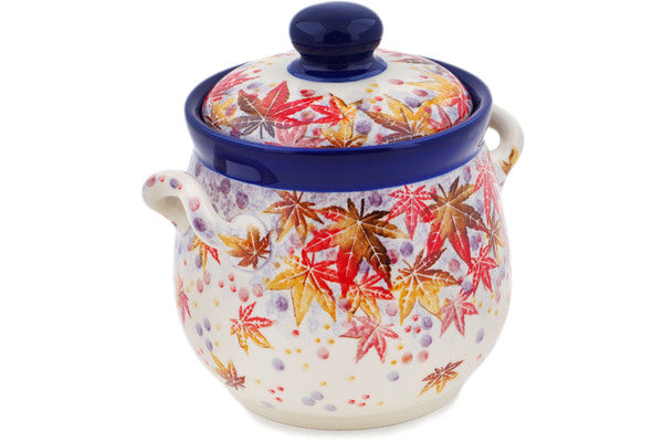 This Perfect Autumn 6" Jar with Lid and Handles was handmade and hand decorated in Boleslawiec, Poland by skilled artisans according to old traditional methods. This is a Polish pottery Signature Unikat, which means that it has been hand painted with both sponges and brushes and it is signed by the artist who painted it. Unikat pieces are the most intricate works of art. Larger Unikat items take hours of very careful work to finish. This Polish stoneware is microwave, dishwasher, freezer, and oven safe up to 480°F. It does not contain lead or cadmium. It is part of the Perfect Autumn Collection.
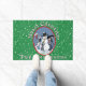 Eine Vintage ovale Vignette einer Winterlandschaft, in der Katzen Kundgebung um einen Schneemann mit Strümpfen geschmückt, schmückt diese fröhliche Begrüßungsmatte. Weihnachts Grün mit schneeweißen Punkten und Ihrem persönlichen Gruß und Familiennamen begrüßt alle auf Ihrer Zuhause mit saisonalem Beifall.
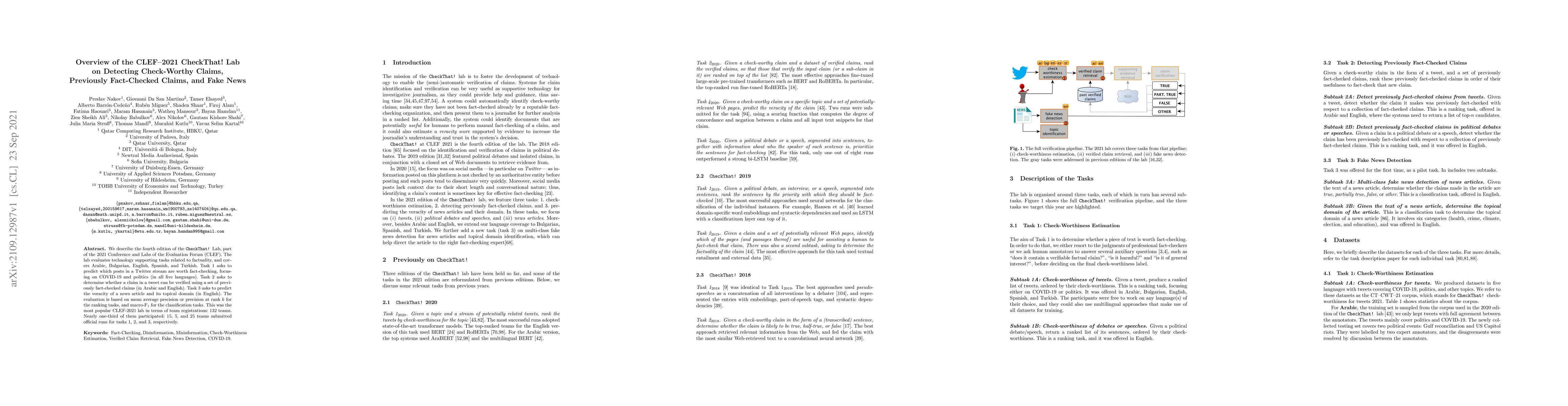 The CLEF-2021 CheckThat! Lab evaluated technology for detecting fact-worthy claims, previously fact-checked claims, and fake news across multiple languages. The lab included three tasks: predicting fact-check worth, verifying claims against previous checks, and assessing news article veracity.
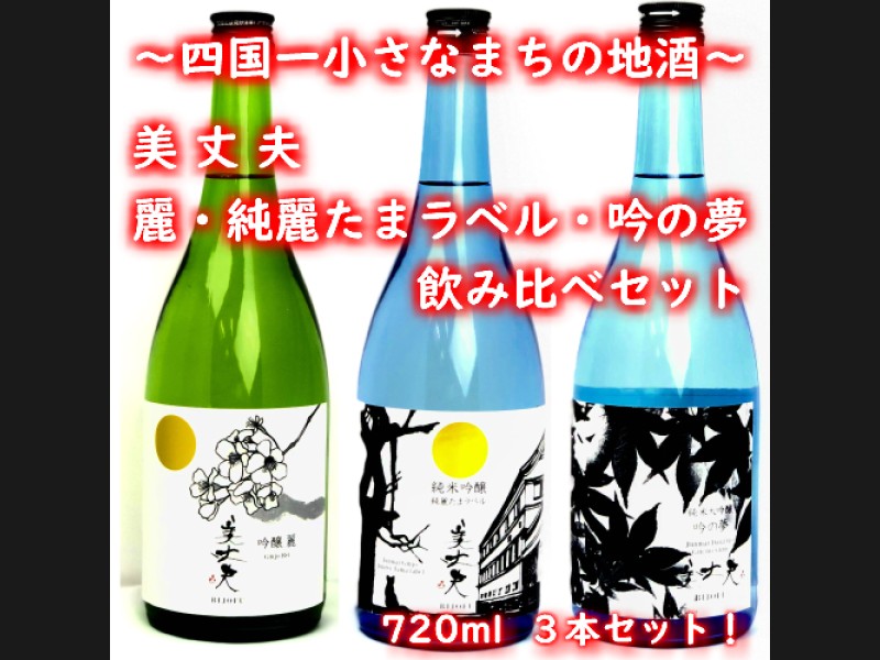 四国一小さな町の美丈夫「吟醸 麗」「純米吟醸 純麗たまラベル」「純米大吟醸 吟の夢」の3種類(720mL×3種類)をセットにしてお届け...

------------------------------------------------------------

◆ **Aim of the exercise**:
Return all the material exactly, skipping pictures.

◆ **Exercise response**:
 This Perfect Autumn 6" Jar with Lid and Handles was handmade and hand decorated in Boleslawiec, Poland by skilled artisans according to old traditional methods. This is a Polish pottery Signature Unikat, which means that it has been hand painted with both sponges and brushes and it is signed by the artist who painted it. Unikat pieces are the most intricate works of art. Larger Unikat items take hours of very careful work to finish. This Polish stoneware is microwave, dishwasher, freezer, and oven safe up to 480°F. It does not contain lead or cadmium. It is part of the Perfect Autumn Collection.
 Eine Vintage ovale Vignette einer Winterlandschaft, in der Katzen Kundgebung um einen Schneemann mit Strümpfen geschmückt, schmückt diese fröhliche Begrüßungsmatte. Weihnachts Grün mit schneeweißen Punkten und Ihrem persönlichen Gruß und Familiennamen begrüßt alle auf Ihrer Zuhause mit saisonalem Beifall.
 The CLEF-2021 CheckThat! Lab evaluated technology for detecting fact-worthy claims, previously fact-checked claims, and fake news across multiple languages. The lab included three tasks: predicting fact-check worth, verifying claims against previous checks, and assessing news article veracity.
 四国一小さな町の美丈夫「吟醸 麗」「純米吟醸 純麗たまラベル」「純米大吟醸 吟の夢」の3種類(720mL×3種類)をセットにしてお届け...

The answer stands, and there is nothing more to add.